◆ **WHAT YOU WILL DO**
Retype exactly what appears below from the line containing "kilogramos. | |" down to the line containing "我发现很多车企的新车,很少会", keeping both end lines. Do not include pictures.

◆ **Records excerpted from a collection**

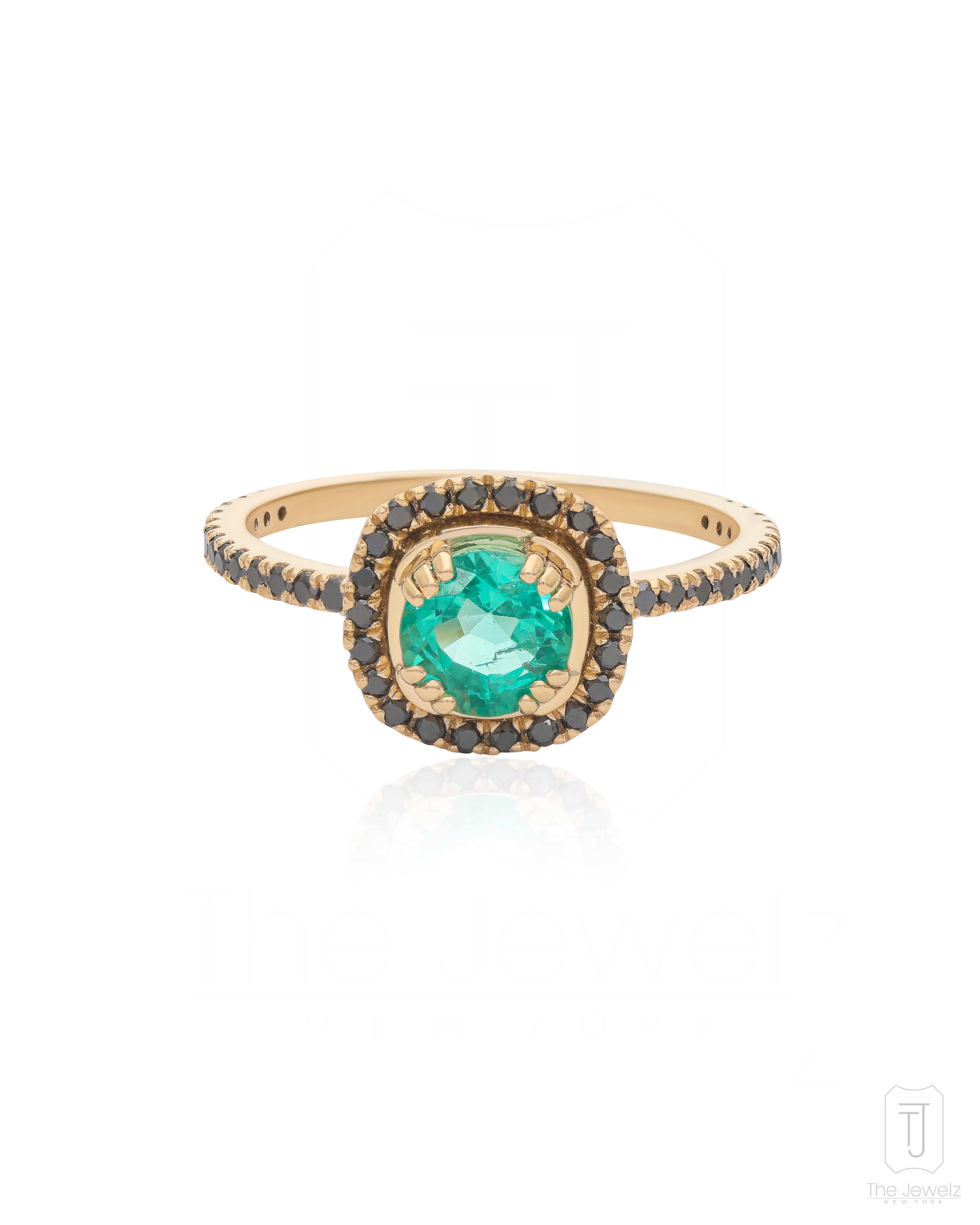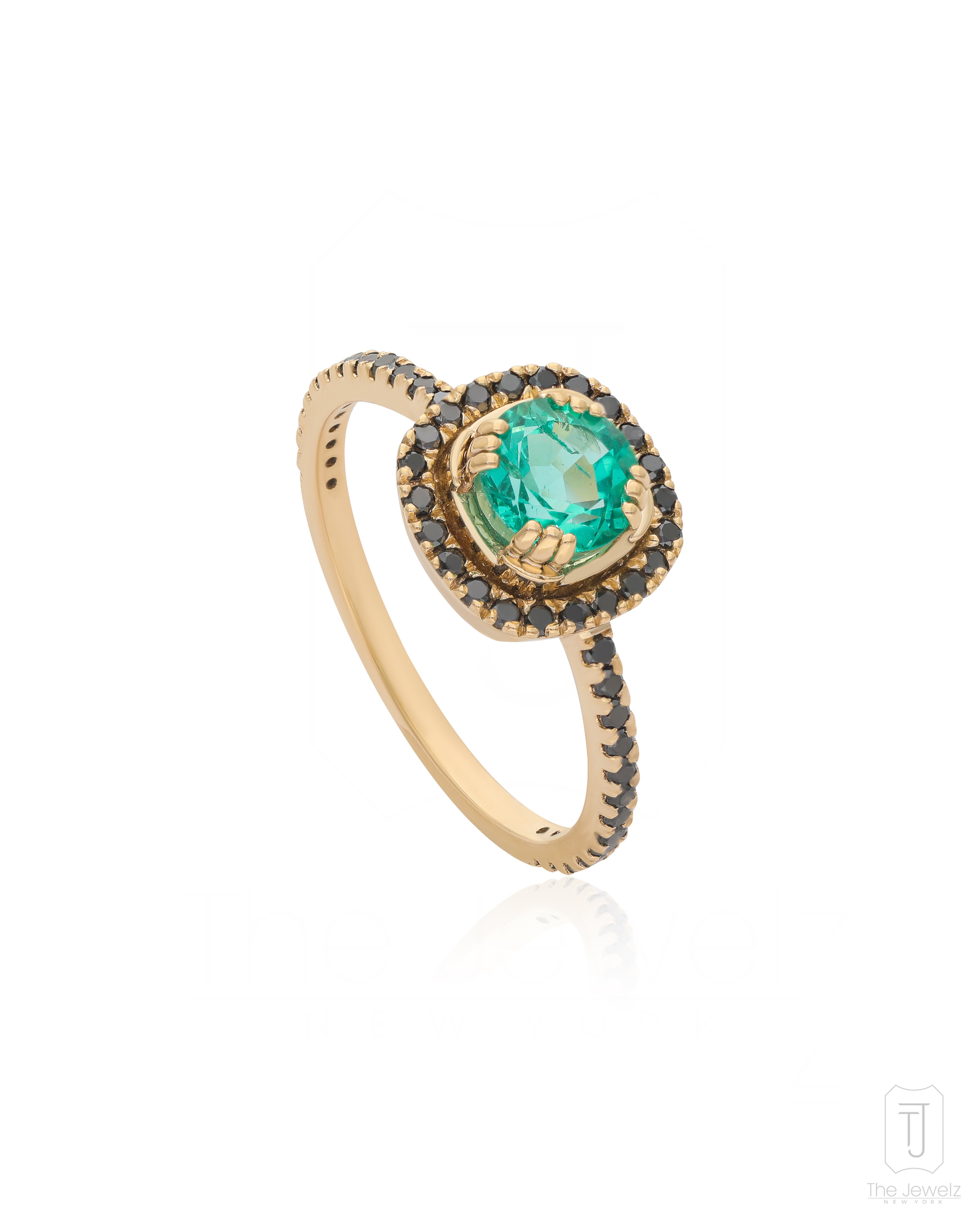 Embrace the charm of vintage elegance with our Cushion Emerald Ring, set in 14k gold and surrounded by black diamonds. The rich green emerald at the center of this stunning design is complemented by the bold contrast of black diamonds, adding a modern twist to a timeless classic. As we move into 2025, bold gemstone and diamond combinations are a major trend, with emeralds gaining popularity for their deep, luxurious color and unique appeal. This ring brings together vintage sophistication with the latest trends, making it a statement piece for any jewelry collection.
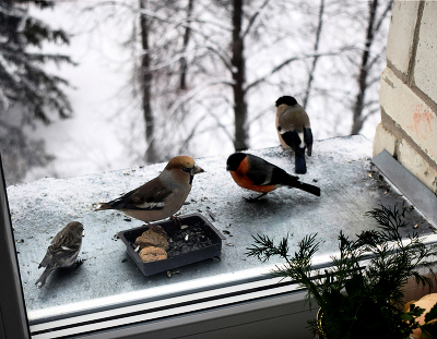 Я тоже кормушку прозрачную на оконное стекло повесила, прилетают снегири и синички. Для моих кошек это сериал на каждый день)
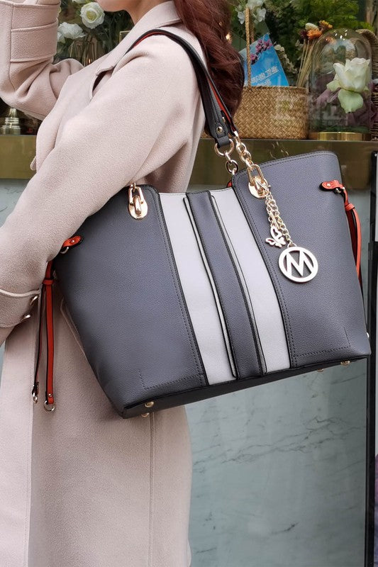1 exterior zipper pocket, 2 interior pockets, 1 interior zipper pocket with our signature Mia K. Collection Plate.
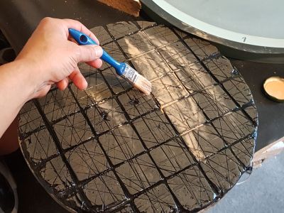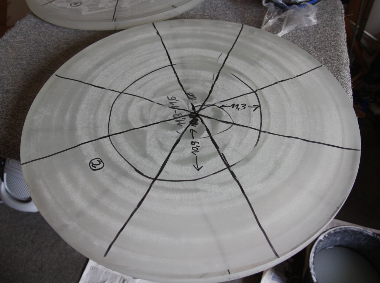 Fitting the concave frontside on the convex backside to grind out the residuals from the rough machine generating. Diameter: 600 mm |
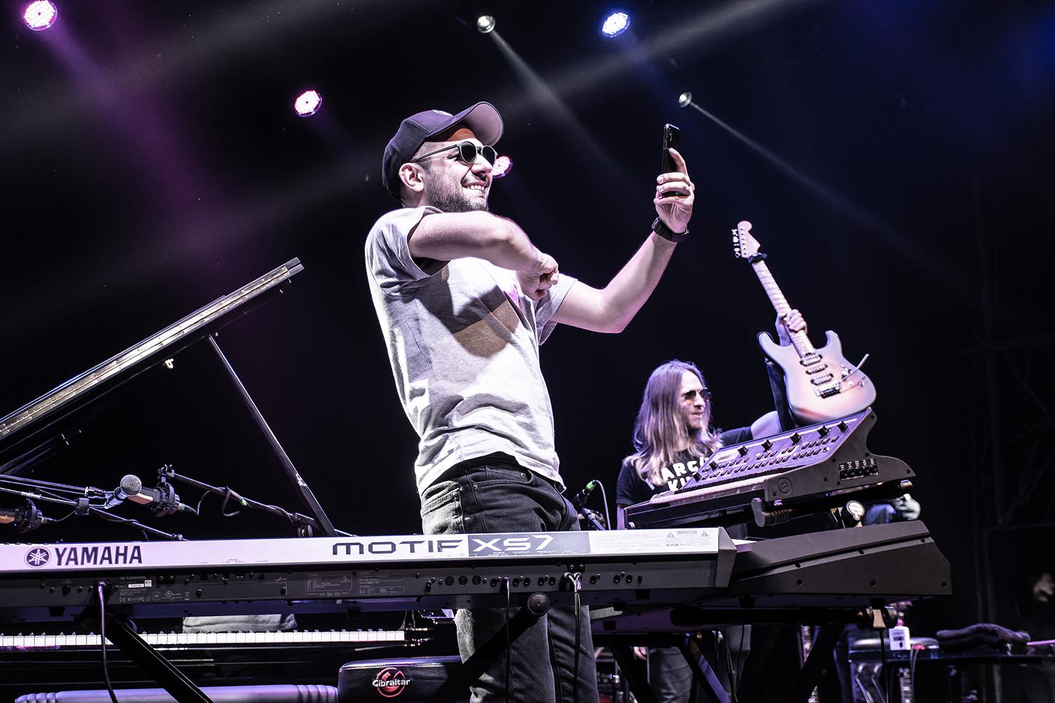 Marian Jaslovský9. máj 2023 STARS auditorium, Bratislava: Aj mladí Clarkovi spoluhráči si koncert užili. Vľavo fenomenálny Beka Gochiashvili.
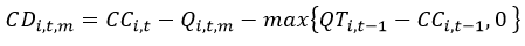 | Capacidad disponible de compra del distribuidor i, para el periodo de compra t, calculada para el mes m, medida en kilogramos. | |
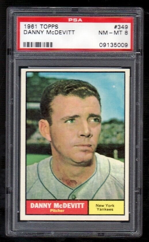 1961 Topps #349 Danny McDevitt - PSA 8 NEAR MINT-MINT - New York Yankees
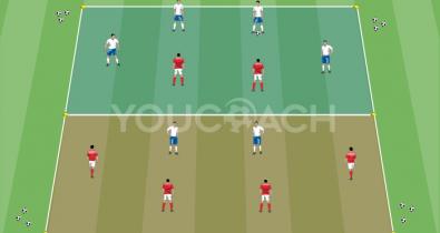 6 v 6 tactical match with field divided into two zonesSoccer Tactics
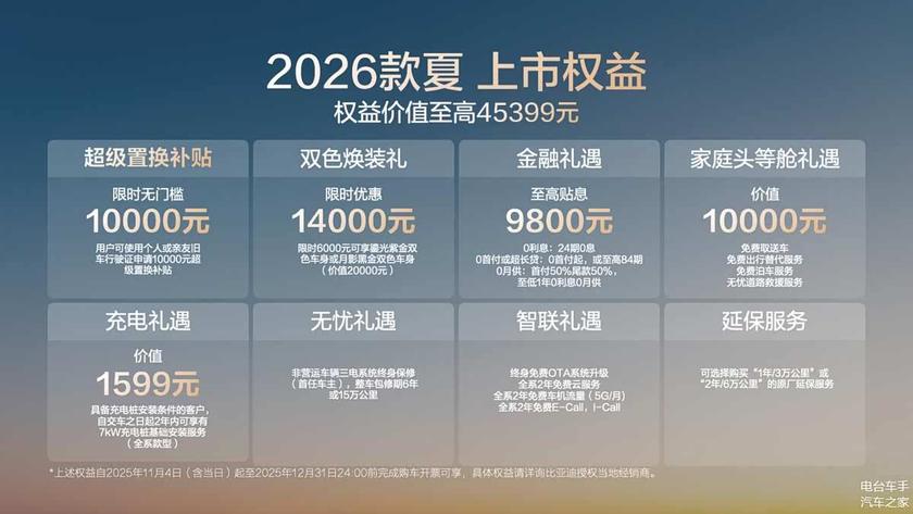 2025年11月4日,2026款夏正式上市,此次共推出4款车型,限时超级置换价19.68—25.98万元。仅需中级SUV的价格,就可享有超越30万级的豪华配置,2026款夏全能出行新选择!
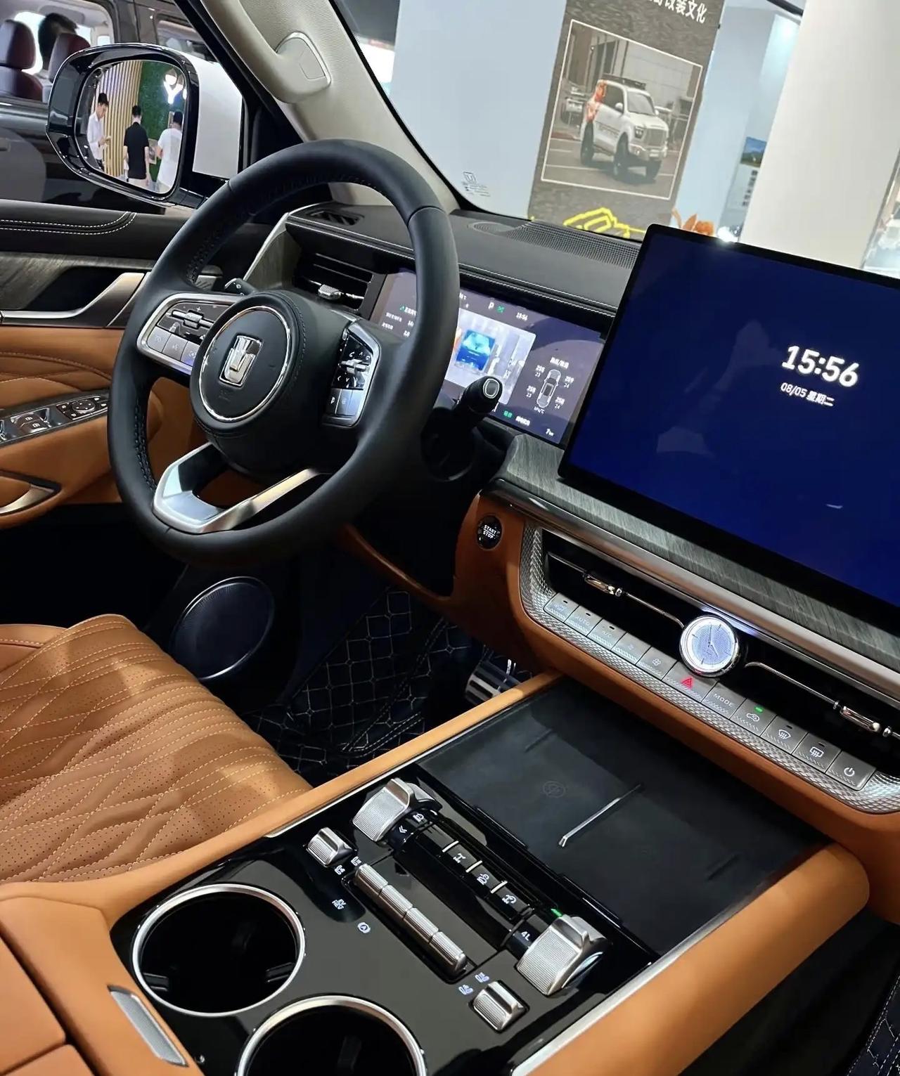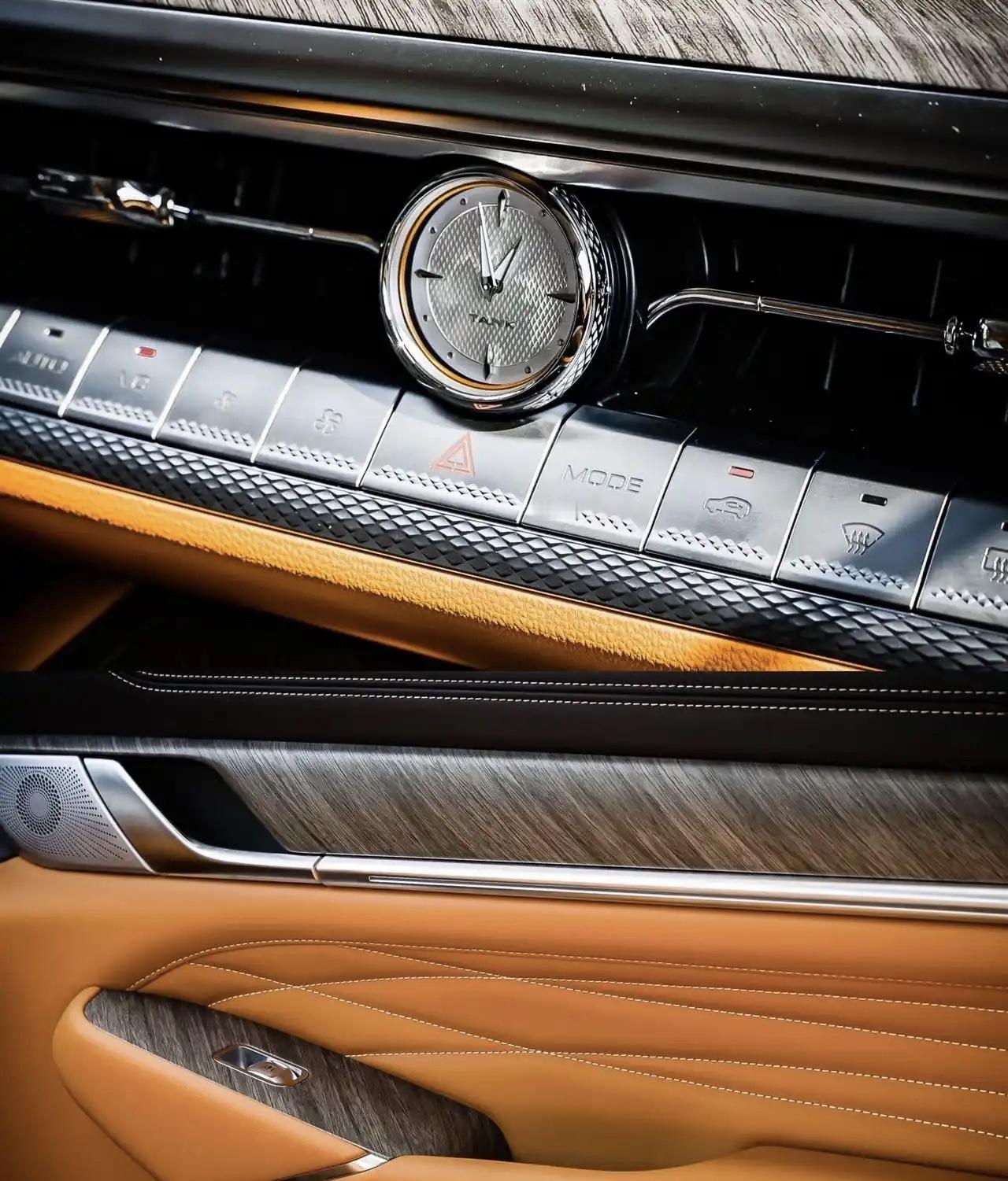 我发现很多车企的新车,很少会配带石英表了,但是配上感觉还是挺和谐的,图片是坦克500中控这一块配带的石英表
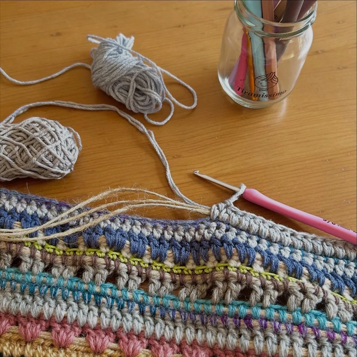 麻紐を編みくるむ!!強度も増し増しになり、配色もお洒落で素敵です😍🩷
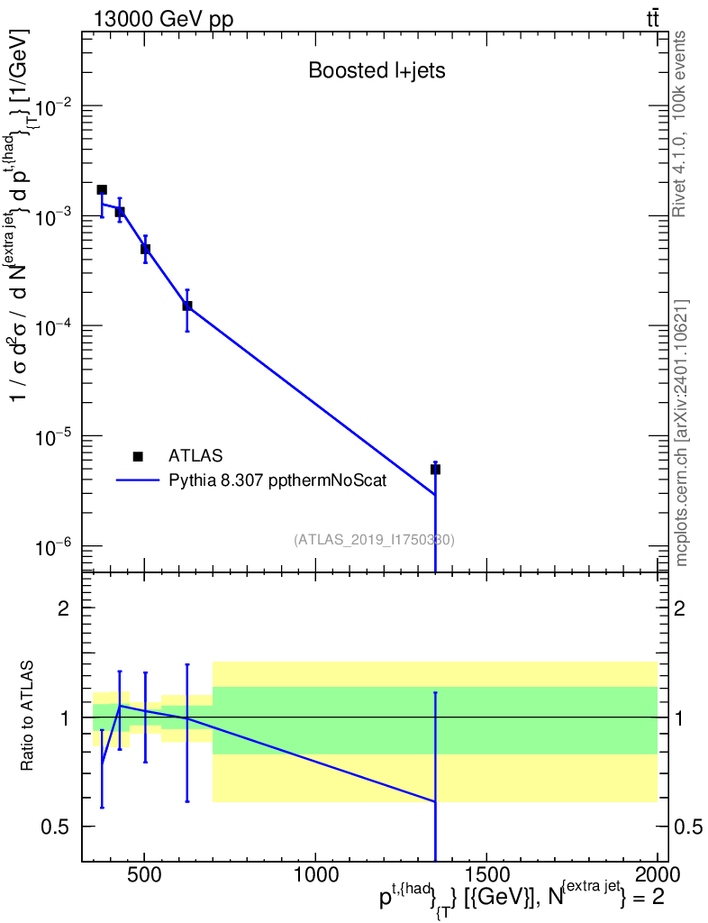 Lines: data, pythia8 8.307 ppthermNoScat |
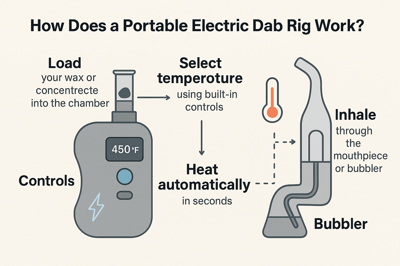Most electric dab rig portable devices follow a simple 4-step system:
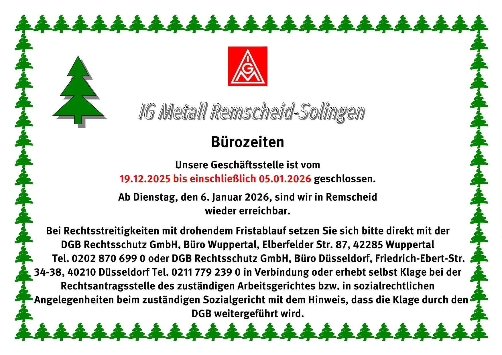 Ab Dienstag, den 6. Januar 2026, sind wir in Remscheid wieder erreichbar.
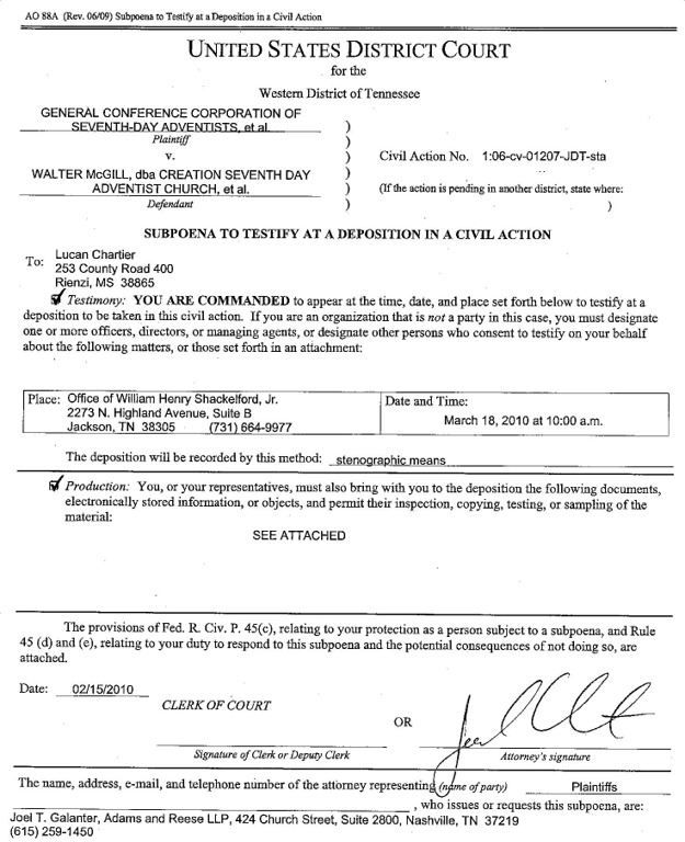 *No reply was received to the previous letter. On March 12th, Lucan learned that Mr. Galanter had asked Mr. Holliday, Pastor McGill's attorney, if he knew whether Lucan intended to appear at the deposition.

◆ **THE COMPLETED TASK**
 | Capacidad disponible de compra del distribuidor i, para el periodo de compra t, calculada para el mes m, medida en kilogramos. | |
 1961 Topps #349 Danny McDevitt - PSA 8 NEAR MINT-MINT - New York Yankees
 6 v 6 tactical match with field divided into two zonesSoccer Tactics
 2025年11月4日,2026款夏正式上市,此次共推出4款车型,限时超级置换价19.68—25.98万元。仅需中级SUV的价格,就可享有超越30万级的豪华配置,2026款夏全能出行新选择!
 我发现很多车企的新车,很少会配带石英表了,但是配上感觉还是挺和谐的,图片是坦克500中控这一块配带的石英表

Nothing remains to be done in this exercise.